Here I will not apply Random forest to the actual dataset but it can be easily applied to any actual dataset.

  1. Importing libraries
import pandas as pd
from sklearn.ensemble import RandomForestClassfier
from sklearn.feature_selection import SelectFromModel

2. In all feature selection procedures, it is a good practice to select the features by examining only the training set. This is to avoid overfitting.

So considering we have a train and a test dataset. We select the features from the train set and then transfer the changes to the test set later.

X_train,y_train,X_test,y_test = train_test_split(data,test_size=0.3)

3. Here I will do the model fitting and feature selection altogether in one line of code.

  • Firstly, I specify the random forest instance, indicating the number of trees.
  • Then I use selectFromModel object from sklearn to automatically select the features.
sel = SelectFromModel(RandomForestClassifier(n_estimators = 100))
sel.fit(X_train, y_train)

SelectFromModel will select those features which importance is greater than the mean importance of all the features by default, but we can alter this threshold if we want.

4. To see which features are important we can use get_support method on the fitted model.

sel.get_support()

It will return an array of boolean values.

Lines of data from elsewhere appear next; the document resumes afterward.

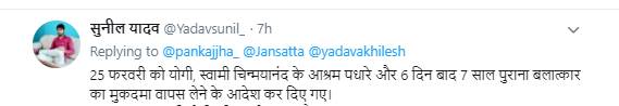 योगी आदित्यनाथ सरकार की ओर से पूर्व केंद्रीय गृहराज्य मंत्री स्वामी चिन्मयानंद पर दर्ज दुष्कर्म का केस वापस लेने की खबर सोशल मीडिया पर आग की तरह फैली। सोशल मीडिया यूजर्स ने इस पर तमाम तरह की प्रतिक्रिया जतानी शुरू की और सरकार के फैसले पर सवाल उठाए। वहीं स्वामी चिन्मयानंद के समर्थकों ने केस को साजिश बताते हुए फैसले पर खुशी भी जताई। वहीं कुछ यूजर्स ने कहा कि अब स्वामी चिन्मयानंद को भी मंत्री बना दो, खुद जज बन जाओ। जनसत्ता डॉट कॉम ने सबसे पहले केस हटाने से जुड़ी खबर पाठकों तक पहुंचाई थी। सोशल मीडिया पर इस खबर के बाद आई कुछ चुनिंदा प्रतिक्रियाओं को हम यहां दे रहे हैं।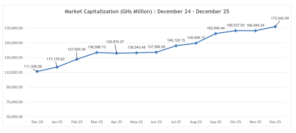 Trade values surged alongside prices. Equity transactions totalled about GH¢3.74billion in 2025 – nearly 74 percent higher than the previous year – while market capitalisation climbed 54.5 percent to roughly GH¢172billion by the end of December. On the surface, these numbers pointed to a broad-based recovery and renewed investor appetite for Ghanaian assets.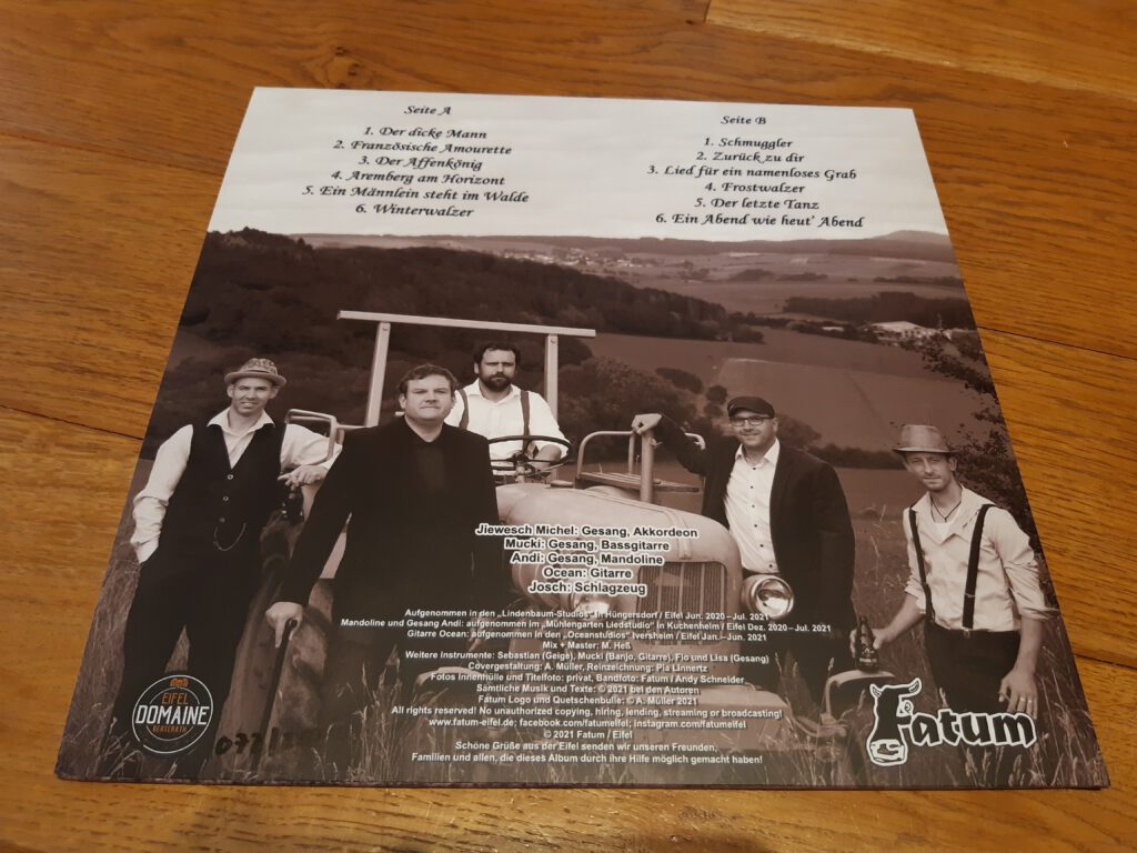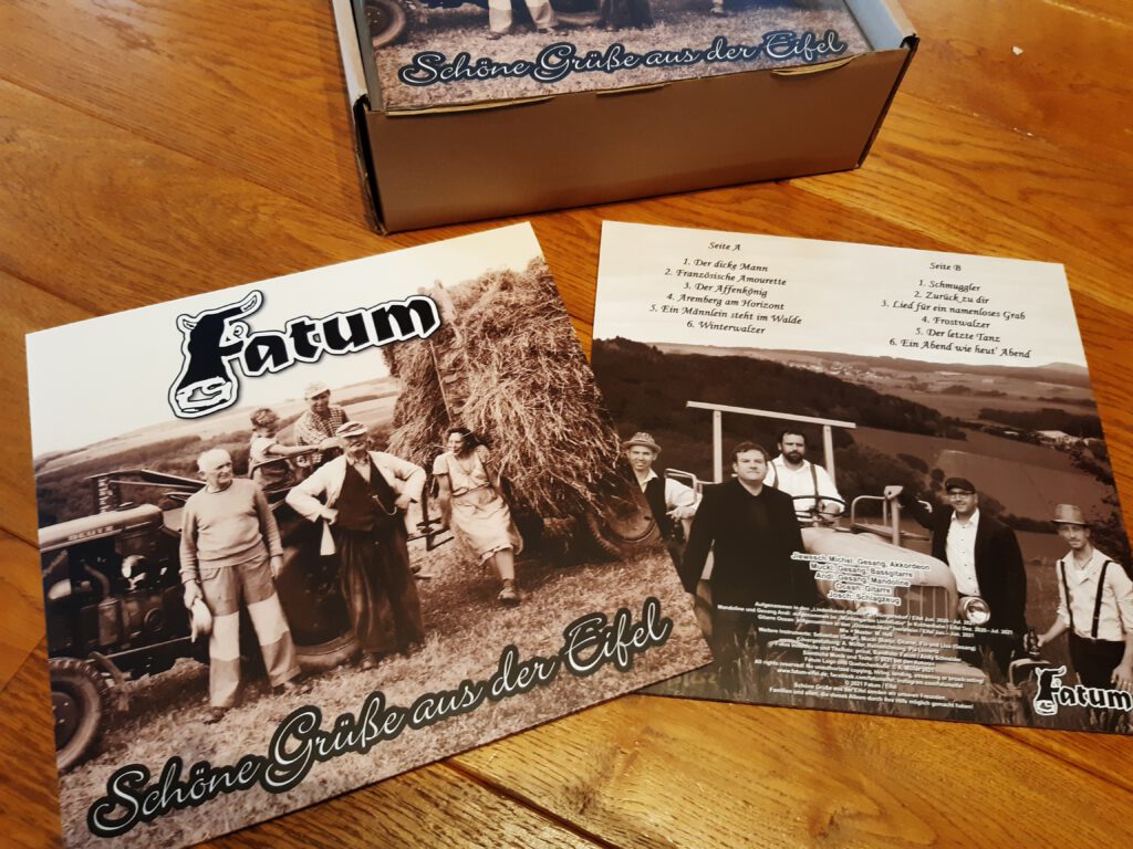 Die Platte ist ab sofort bei uns erhältlich. Schreibt uns einfach an! Natürlich findet ihr die Musik auch auf allen gängigen Plattformen, wie z.B. bei bandcamp tun: https://fatumeifel.bandcamp.com/album/sch-ne-gr-e-aus-der-eifel

True for the features whose importance is greater than the mean importance and False for the rest.

5. We can now make a list and count the selected features.

selected_feat= X_train.columns[(sel.get_support())]
len(selected_feat)

It will return an Integer representing the number of features selected by the random forest.

6. To get the name of the features selected

print(selected_feat)

It will return the name of the selected features.

7. We can also check and plot the distribution of importance.

pd.Series(sel.estimator_,feature_importances_,.ravel()).hist()

It will return a histogram showing the distribution of the features selected using this feature selection technique.

We can of course tune the parameters of the Decision Tree.Where we put the cut-off to select features is a bit arbitrary. One way is to select the top 10, 20 features. Alternatively, the top 10th percentile. For this, we can use mutual info in combination with SelectKBest or SelectPercentile from sklearn.

Few of the limitations of Random forest are :

  • Correlated features will be given equal or similar importance, but overall reduced importance compared to the same tree built without correlated counterparts.
  • Random Forests and decision trees, in general, give preference to features with high cardinality ( Trees are biased to these type of variables ).

Selecting features by using tree derived feature importance is a very straightforward, fast and generally accurate way of selecting good features for machine learning. In particular, if we are going to build tree methods.

However, as I said, correlated features will show in a tree similar and lowered importance, compared to what their importance would be if the tree was built without correlated counterparts.

In situations like this, it is better to select features recursively, rather than all together as we have done here.

--

--